A distinction has been drawn in TR 98/6 between commission only agents and salespeople who receive remuneration by a retainer and commission. Where an agent receives retainer plus commission, only part of their income is directly related to the amount of success that they enjoy. At law, this puts those employees in the same position as an employee who is remunerated solely by salary or wage. As has already been stated, the expenses for services, which are part of their employment duties, paid by employees remunerated by salary or wages are regarded as private in nature and not incurred in gaining or producing their assessable income.
In the case of an agent remunerated by commission only, clearly their income is directly and wholly related to the degree of success that they enjoy. Also, a commission only agent is generally not required to adhere to any detailed set of duties set by their employer. Equally clearly then, any expense incurred that increases that success rate can only be incurred in gaining or producing the assessable income and must be an allowable deduction.
In summary, the courts have held that no deduction for wages or service fees paid is allowable where:
The taxpayers were employees, deriving their income from one source, and
The services paid for by the taxpayer formed part of the taxpayer's employment duties.
Also, as indicated above, the view of the Commissioner is that a deduction for wages can only be claimed by an employee who earns commission only income.
In your situation, you are an employee for taxation purposes and your income from your work comes from one source - your employer only. You render services only to your employer, and only the services that are required by your employer.

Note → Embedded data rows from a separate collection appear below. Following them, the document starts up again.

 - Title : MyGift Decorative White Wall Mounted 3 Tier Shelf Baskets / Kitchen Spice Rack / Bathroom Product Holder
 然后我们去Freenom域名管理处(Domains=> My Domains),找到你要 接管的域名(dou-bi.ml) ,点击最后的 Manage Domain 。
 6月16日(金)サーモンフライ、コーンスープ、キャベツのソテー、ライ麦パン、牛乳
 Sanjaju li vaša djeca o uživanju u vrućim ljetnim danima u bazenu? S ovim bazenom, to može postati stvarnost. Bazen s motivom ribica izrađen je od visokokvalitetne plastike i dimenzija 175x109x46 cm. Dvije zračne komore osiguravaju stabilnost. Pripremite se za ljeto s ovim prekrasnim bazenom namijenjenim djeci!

You contend that in your case your retainer is merely an advance on future commission income. However, it is only in one particular circumstance that you may be required to repay some of your retainer, that being if you cease employment and your commission income generated has not been considered sufficient. In the normal course of events, you receive both your retainer and the full amount of any commission. That is, your employer does not deduct from the commission you are paid any retainer amounts you have previously received. Therefore, it is not considered that the retainer is an advance on your commission income.

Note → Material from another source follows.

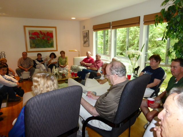 On July 4, 2015 we had our usual bicycle parade, but threatening rain made us move the party and business meeting to the home of Donna and Lance. Here are a few pictures from the event. Look under the Business tab on the main page for the meeting minutes.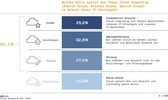 Ein Viertel der Unternehmen hat demnach sogar schon Cloud-Anwendungen im Einsatz, ein weiteres Drittel führt gerade ein erstes Cloud-Projekt ein. Und 27 Prozent befinden sich in der Planungsphase. Nur noch 15 Prozent beteuern dagegen, die Cloud spiele weder heute noch in Zukunft eine Rolle für sie.

It is acknowledged that your personal assistant will not be a relation or friend. However, this does not change the above principles. In your case, the expense of hiring a personal assistant merely lightens your work load and gives you more time to do your various duties as a real estate agent. The payments to a personal assistant are not a cost of performing the work but are a voluntary payment not directly incurred in the derivation of your income.
Based on the above cases and the guidelines set out in TR 98/6, you are not entitled to a deduction for expenses in relation to a personal assistant as you are not working on a commission only basis. As in Case M55, the payments for a personal assistant are not made in deriving your assessable income. Your need for assistance arises from your personal situation, albeit in connection with you having more time to carry out your duties. Therefore no deduction for a personal assistant is allowable under section 8-1 of the ITAA 1997.